Predictors of recurrence for ductal carcinoma in situ after breast-conserving surgery.

机构信息

Cambridge Breast Unit, Addenbrooke's Hospital, Cambridge, UK; Anglia Ruskin University, Cambridge, UK.

出版信息

Lancet Oncol. 2013 Aug;14(9):e348-57. doi: 10.1016/S1470-2045(13)70135-9.

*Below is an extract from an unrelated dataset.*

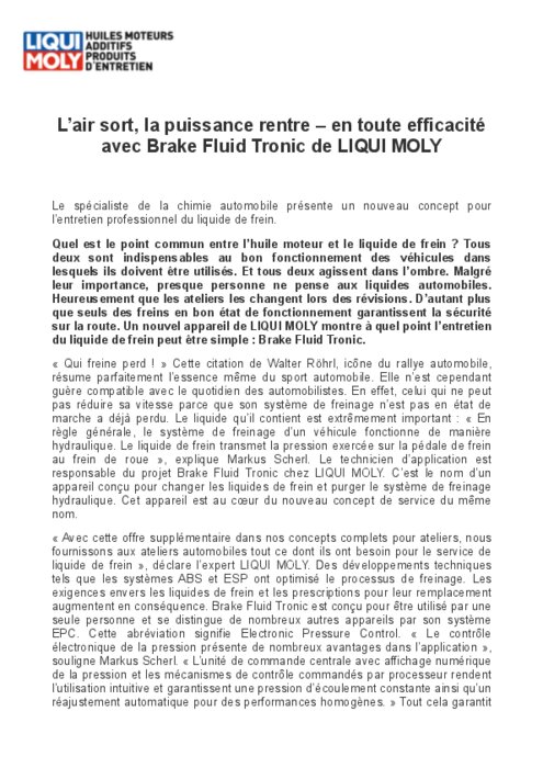 Quel est le point commun entre l’huile moteur et le liquide de frein? Tous deux sont indispensables au bon fonctionnement des véhicules dans lesquels ils doivent être utilisés. Et tous deux agissent dans l’ombre. Malgré leur importance, presque personne ne pense aux liquides automobiles. Heureusement que les ateliers les changent lors des révisions. D’autant plus que seuls des freins en bon état de fonctionnement garantissent la sécurité sur la route. Un nouvel appareil de Liqui Moly montre à quel point l’entretien du liquide de frein peut être simple : Brake Fluid Tronic.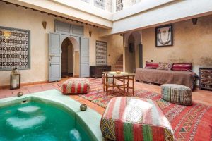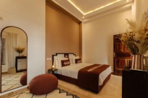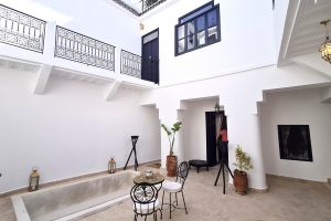 Riad se composant de sept chambres, dont deux suites, d’un grand patio aménagé d’une piscine chauffée et de lieux de repos, de deux salons de détente entièrement équipés, d’une belle terrasse aménagée pour profiter pleinement du soleil et du calme.

DOI:10.1016/S1470-2045(13)70135-9
PMID:23896274
Abstract

Ductal carcinoma in situ (DCIS) constitutes a major public health problem, with up to half of screen-detected cancers representing pure forms of DCIS without evidence of invasion. A proportion of cases detected with routine screening would not have progressed to a life-threatening form of breast cancer during the patient's lifetime, and overdiagnosis of breast cancer is a cause for concern. Once DCIS has been detected, treatment is obligatory and present technologies do not allow accurate risk stratification such that intensity of treatment can be tailored to risk of recurrence and progression to invasive disease. Present management strategies are based on prognostic and predictive information derived from conventional histopathological and host factors. With increasing molecular characterisation of these preinvasive lesions, data will be available for how factors such as oestrogen receptor, progesterone receptor, HER2, and indicators of proliferative activity can provide additional information about both prognosis and benefit from adjuvant treatments such as radiotherapy and hormonal therapy. Low-risk patients are especially poorly defined in terms of need for adjuvant therapies, which can be associated with both short-term adverse sequelae and long-term effects (eg, cardiotoxicity) that can affect all-cause mortality. Optimum risk prediction in the future is likely to be achieved by integration of both conventional and molecular factors, which should be incorporated into a validated predictive model to help with clinical decision making.

摘要

导管原位癌(DCIS)是一个主要的公共卫生问题,多达一半的筛查癌症代表了没有浸润证据的纯 DCIS 形式。在患者的一生中,一部分通过常规筛查发现的病例不会发展为危及生命的乳腺癌形式,并且乳腺癌的过度诊断令人担忧。一旦发现 DCIS,就必须进行治疗,而目前的技术无法进行准确的风险分层,因此无法根据复发和进展为浸润性疾病的风险来调整治疗强度。目前的管理策略基于从常规组织病理学和宿主因素中得出的预后和预测信息。随着这些癌前病变的分子特征不断增加,将有数据可用于了解雌激素受体、孕激素受体、HER2 以及增殖活性指标等因素如何提供有关预后和辅助治疗(如放疗和激素治疗)获益的额外信息。低风险患者在需要辅助治疗方面尤其难以确定,辅助治疗可能会带来短期不良后果和长期影响(例如,心脏毒性),从而影响全因死亡率。未来,通过整合常规和分子因素,有望实现最佳风险预测,这些因素应纳入经过验证的预测模型,以帮助进行临床决策。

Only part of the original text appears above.